The human-rights situation in Cuba hasn’t changed much since December 2014, when Obama and Castro announced an agreement to normalize diplomatic relations. As part of that agreement, Cuba made a commitment to release 53 political prisoners and to allow fact-finding visits to the island by the International Committee of the Red Cross and United Nations human rights monitors. Cuba freed the political prisoners, but the monitoring visits have not happened.

Although Cuba has held fewer long-term political prisoners in recent years, laws that allow the government to lock people up for speaking their minds remain on the books. The government increasingly relies on detention without charges to keep people from participating in peaceful marches and meetings. The Cuban Commission for Human Rights and National Reconciliation, an independent human-rights group, reported more than 8,000 such cases of arbitrary detention in 2015. Just during Pope Francis’s five-day visit in September, police detained more than 100 dissidents.

The government still controls most media in Cuba. A small, growing number of independent journalists and bloggers are active online, but the government sometimes blocks access to websites and subjects critics to smear campaigns and arbitrary arrests.

Cuba has made important progress in a few areas, including increased freedom to travel and broader internet access, but its repressive system remains firmly in place. Obama needs to use his visit to press President Castro to begin dismantling that system by unlocking websites, ending arbitrary detentions, and fulfilling the government’s commitment to allow visits by international human rights monitors.

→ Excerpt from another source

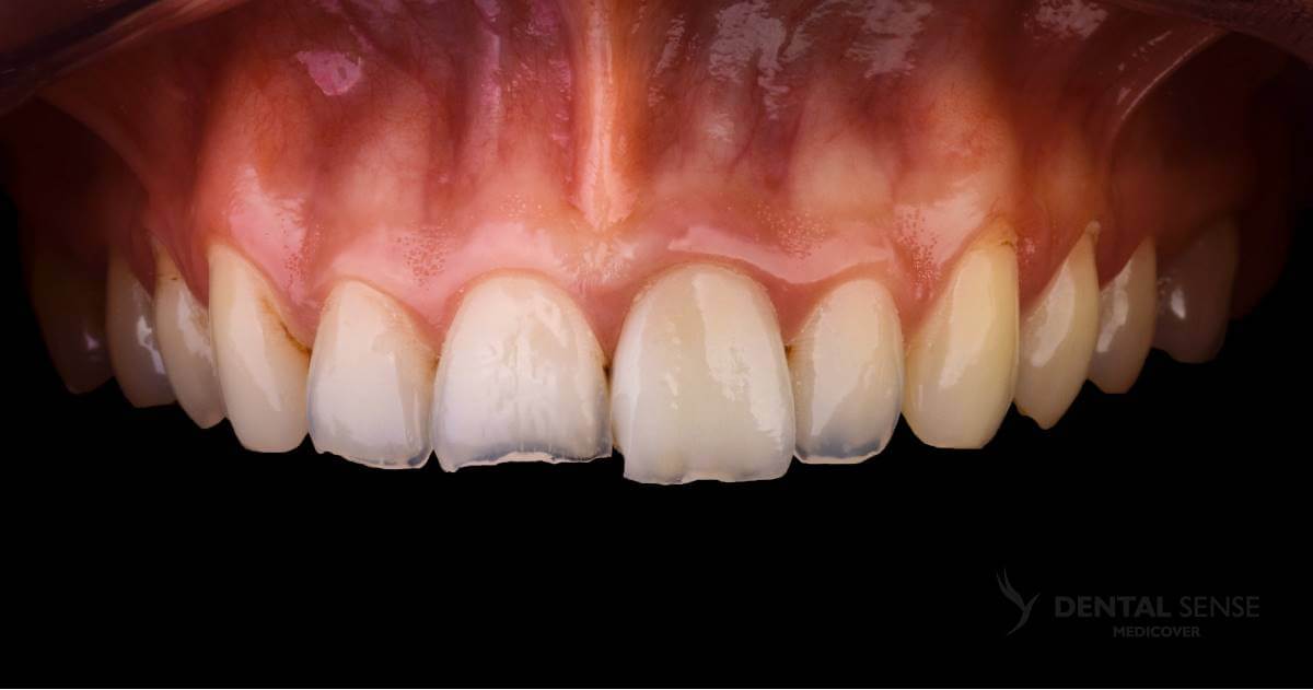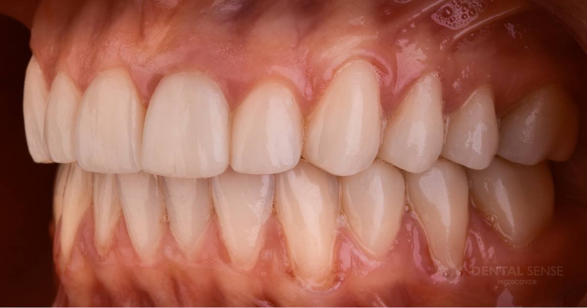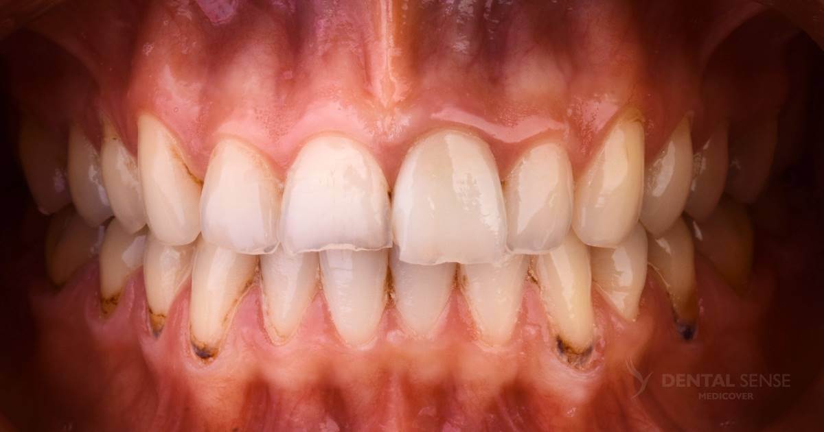 Metamorfozę uśmiechu Aleksandry rozpoczęliśmy od deprogramacji, która pozwala między innymi na określenie prawidłowej pozycji żuchwy i znalezienie właściwego układu zębów górnych względem dolnych.

President Obama’s policy of engagement denies the Cuban government one of its main pretexts for repressive rule. From now on, it will be harder for Castro to paint the victims of his government’s repression as agents of U.S. aggression. And that will make it easier for other countries in the region to stand up for human rights in Cuba.

To be most effective, pressure on Havana to change should come not from the United States alone, but rather as part of a multilateral effort. Governments in the region that may have been reluctant to criticize Cuba when the island faced a hostile neighbor to the north no longer have to choose sides. After leaving Havana, President Obama will travel to Argentina, where he will meet with President Mauricio Macri, whose 3-month-old administration has been vocal on human rights in the region. In the new era of U.S. engagement, Obama has a chance to convince Macri and others to weigh in.

Through his engagement policy, Obama has created an unprecedented opportunity to support the efforts of Cubans seeking to exercise their basic rights. He should seize it — in Havana by urging real reforms, and in Buenos Aires by starting to rally international pressure on Castro to deliver. Only then should he allow himself a seventh-inning stretch.

JOSÉ MIGUEL VIVANCO IS THE AMERICAS DIRECTOR AT HUMAN RIGHTS WATCH.